Desde Fez ou Casablanca
Existem serviços de autocarros, embora estas ligações sejam mais longas e possam demorar entre cinco e seis horas. Nestes casos recomendamos mesmo o autocarro.
Carro alugado
Dá-lhe a vantagem de poder deslocar-se pelos arredores sem depender de horários.
Compre o bilhete com antecedência
Uma vez em Chefchaouen, a maioria dos visitantes opta por explorar a pé, já que a medina, com as suas ruas estreitas e íngremes, é melhor percorrida a pé. Se preferir algo mais confortável, os táxis são uma opção acessível e estão disponíveis nas principais zonas turísticas. Para se deslocar aos arredores, como às Cascatas de Akchour ou à Ponte de Deus, os táxis ou o aluguer de viaturas são as melhores opções.
Chefchaouen tem duas noites e um dia inteiro de exploração na nossa travessia de catorze dias de Tânger a Marraquexe.
Ver viagens desde Tânger2. Breve história de Chefchaouen
A cidade de Chefchaouen, fundada em 1471 por Moulay Ali Ben Rachid, tem as suas raízes na resistência contra a invasão portuguesa.
Originalmente, esta pequena cidade fortificada serviu de refúgio para muçulmanos e judeus que fugiam da reconquista espanhola. Esta particularidade deu-lhe uma rica diversidade cultural, plasmada na sua arquitetura e tradições. As suas ruas em tons azuis evocam uma mistura entre o árabe e o andaluz.
Ao longo dos séculos evoluiu de cidade estratégica na defesa do norte de Marrocos até se tornar num importante ponto comercial, graças à sua localização nas montanhas do Rife. As influências dos refugiados andaluzes chegados nos séculos XV e XVI ainda são evidentes no desenho das casas.
De onde vem o azul?
3. O clima em Chefchaouen
O clima é de tipo mediterrânico, o que significa que tem invernos suaves e verões quentes. Devido à sua localização, a cidade desfruta de temperaturas mais frescas do que noutras partes de Marrocos, sobretudo do que nas regiões costeiras e desérticas.
Inverno
As temperaturas podem descer bastante à noite, com mínimas à volta dos 8°C, embora de dia subam até aos 15°C ou mais. É importante levar roupa quente se viajar entre dezembro e fevereiro.
Verão
Entre junho e agosto é quente, com temperaturas que podem chegar aos 30°C. Mas graças à altitude e à sombra das montanhas sente-se menos abrasador do que noutras zonas do país.
Primavera e outono
A melhor época, com temperaturas entre 20 e 25°C. Na primavera as paisagens em redor da cidade enchem-se de vegetação; no outono, as cores quentes do ambiente convidam a desfrutar da tranquilidade, com menos turistas.
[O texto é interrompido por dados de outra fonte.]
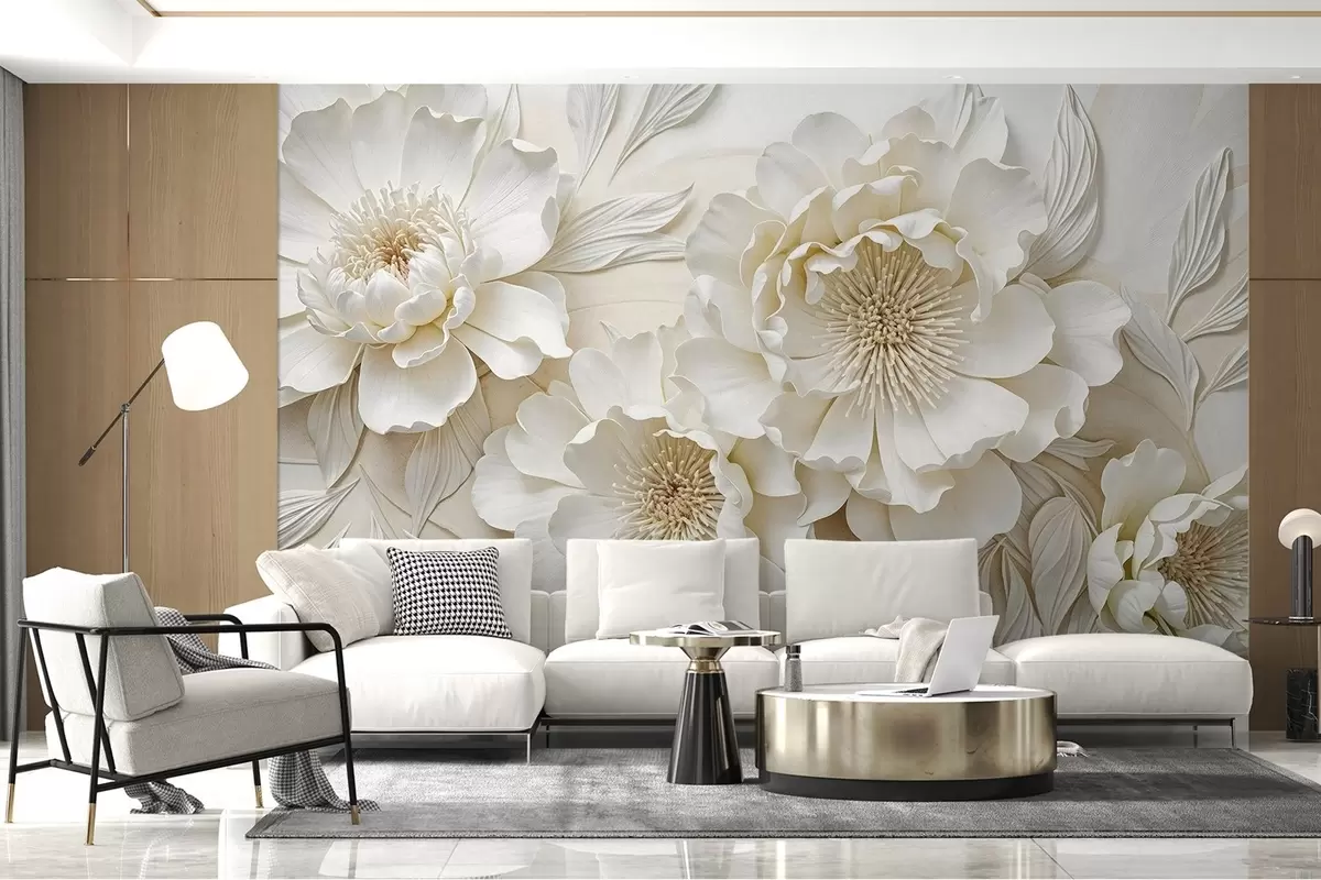 Papier peint Élégantes et volumineuses fleurs de pivoine imitant le blanc, avec des pétales doux et des centres jaune pastel, sur un fond clair N° w08431
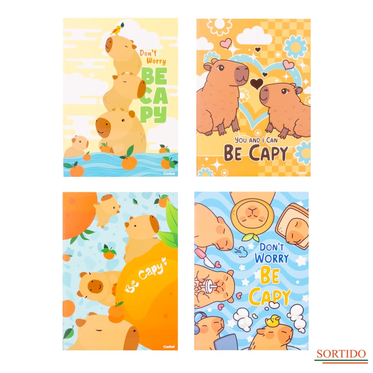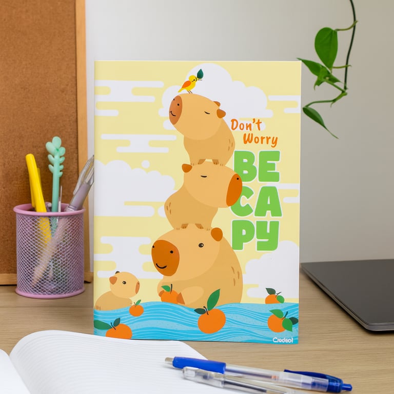 CADERNO UNIVERSITÁRIO 80 FOLHAS BROCHURA COSTURADO CAPIVARA BE CAPY CAPA DURA
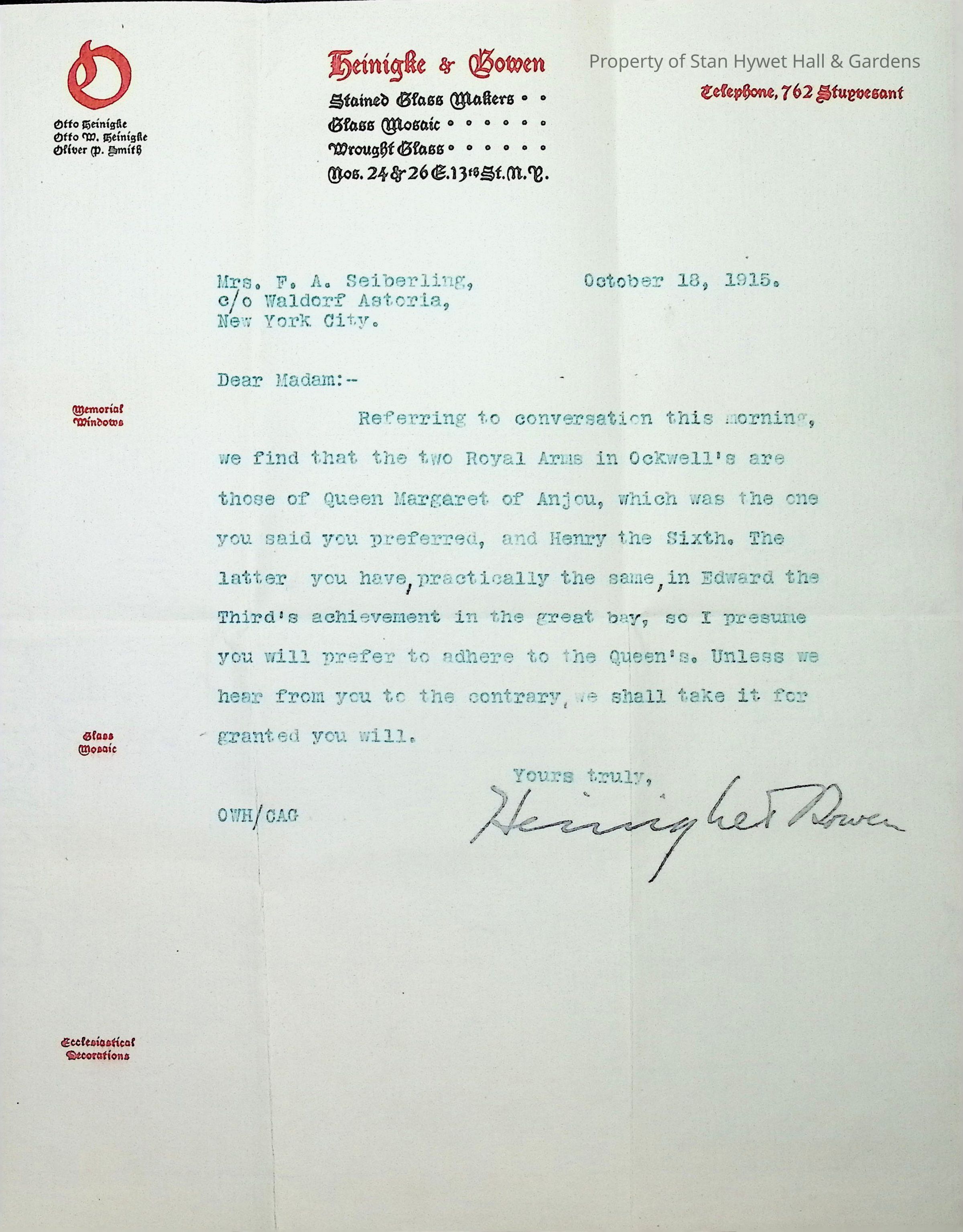 Typewritten letter from Heinigke & Bowen to Mrs. F. A. Seiberling confirming the use of the Royal Arms of Queen Margaret of Anjou over that of Henry the Sixth in the tower windows. Written on Heinigke & Bower letterhead and signed in pencil.Subject

4. O Centro Histórico: um mar de tons azuis
O centro histórico é uma joia arquitetónica e cultural de Marrocos. O que o torna único é a sua distinta paleta de tons azuis, que cobre as fachadas dos seus edifícios e ruas. Esta cor tornou-se um símbolo da cidade e representa o céu e a espiritualidade.
A importância deste lugar não está apenas na sua beleza estética, mas também na sua história. Ao longo dos séculos manteve a sua autenticidade, refletindo uma mistura de influências árabes, andaluzas e berberes. A sua arquitetura, com casas de estilo mourisco, janelas decoradas e pátios interiores, conta a história de um lugar que resistiu à passagem do tempo.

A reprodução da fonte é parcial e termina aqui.